■ **PROMPT**: Below, find the line containing "Женственные коричневые ботильоны." and the line containing "Мебель в кабинет"; reproduce exactly those two and every line between them, omitting pictures.

■ **EXERCISE DATA**:
_ _ _ _ _
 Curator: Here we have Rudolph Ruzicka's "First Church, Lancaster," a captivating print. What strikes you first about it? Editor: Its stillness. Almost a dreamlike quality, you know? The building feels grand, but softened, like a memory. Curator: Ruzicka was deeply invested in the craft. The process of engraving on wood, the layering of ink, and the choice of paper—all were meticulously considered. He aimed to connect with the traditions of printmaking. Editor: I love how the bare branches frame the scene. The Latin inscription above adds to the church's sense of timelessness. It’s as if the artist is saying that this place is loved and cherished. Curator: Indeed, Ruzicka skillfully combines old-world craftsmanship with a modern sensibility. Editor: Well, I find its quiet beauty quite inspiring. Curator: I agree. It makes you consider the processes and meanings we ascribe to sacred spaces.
_ _ _ _ _
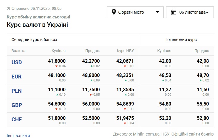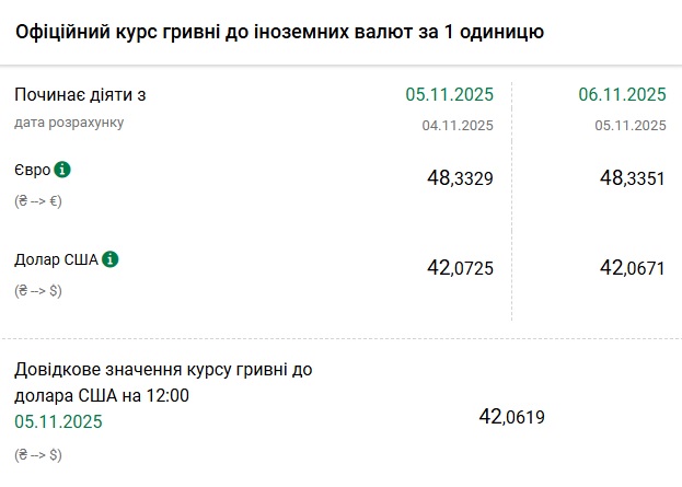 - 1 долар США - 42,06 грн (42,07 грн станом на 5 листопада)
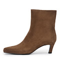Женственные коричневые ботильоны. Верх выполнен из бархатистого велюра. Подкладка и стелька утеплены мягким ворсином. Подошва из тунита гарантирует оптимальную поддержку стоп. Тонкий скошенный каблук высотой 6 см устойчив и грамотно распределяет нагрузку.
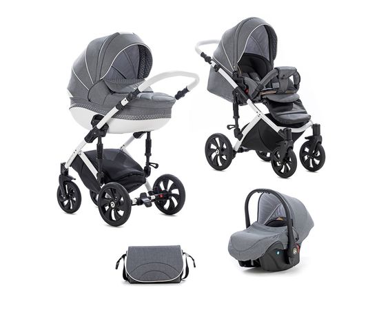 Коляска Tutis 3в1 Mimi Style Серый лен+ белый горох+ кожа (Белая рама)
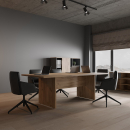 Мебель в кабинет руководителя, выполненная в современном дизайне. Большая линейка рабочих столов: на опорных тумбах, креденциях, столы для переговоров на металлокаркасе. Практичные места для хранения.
_ _ _ _ _
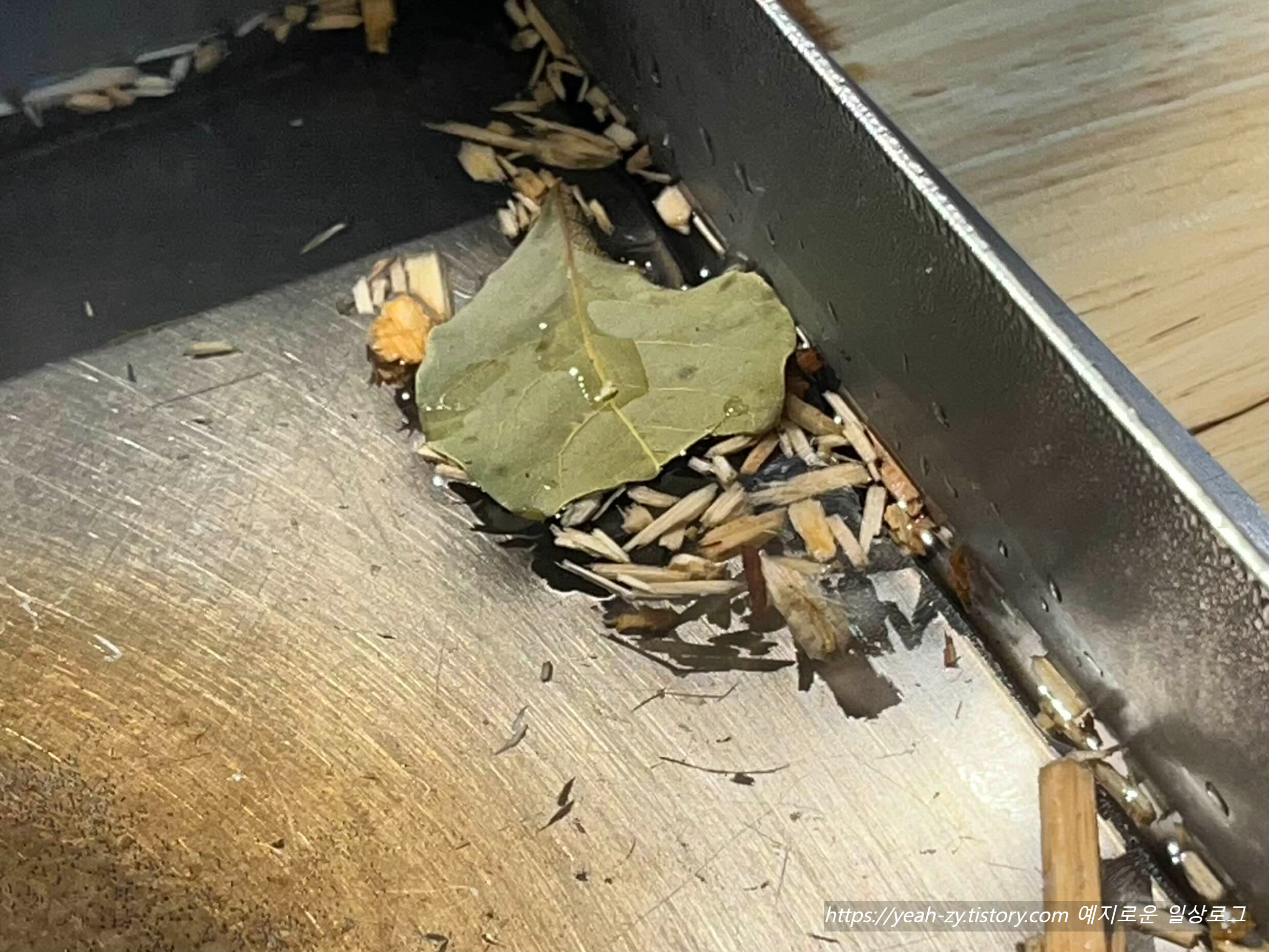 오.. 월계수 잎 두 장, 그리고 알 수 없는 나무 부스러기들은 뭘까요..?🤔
_ _ _ _ _
■ **RESULT FOR THIS TASK**:
Женственные коричневые ботильоны. Верх выполнен из бархатистого велюра. Подкладка и стелька утеплены мягким ворсином. Подошва из тунита гарантирует оптимальную поддержку стоп. Тонкий скошенный каблук высотой 6 см устойчив и грамотно распределяет нагрузку.
 Коляска Tutis 3в1 Mimi Style Серый лен+ белый горох+ кожа (Белая рама)
 Мебель в кабинет руководителя, выполненная в современном дизайне. Большая линейка рабочих столов: на опорных тумбах, креденциях, столы для переговоров на металлокаркасе. Практичные места для хранения.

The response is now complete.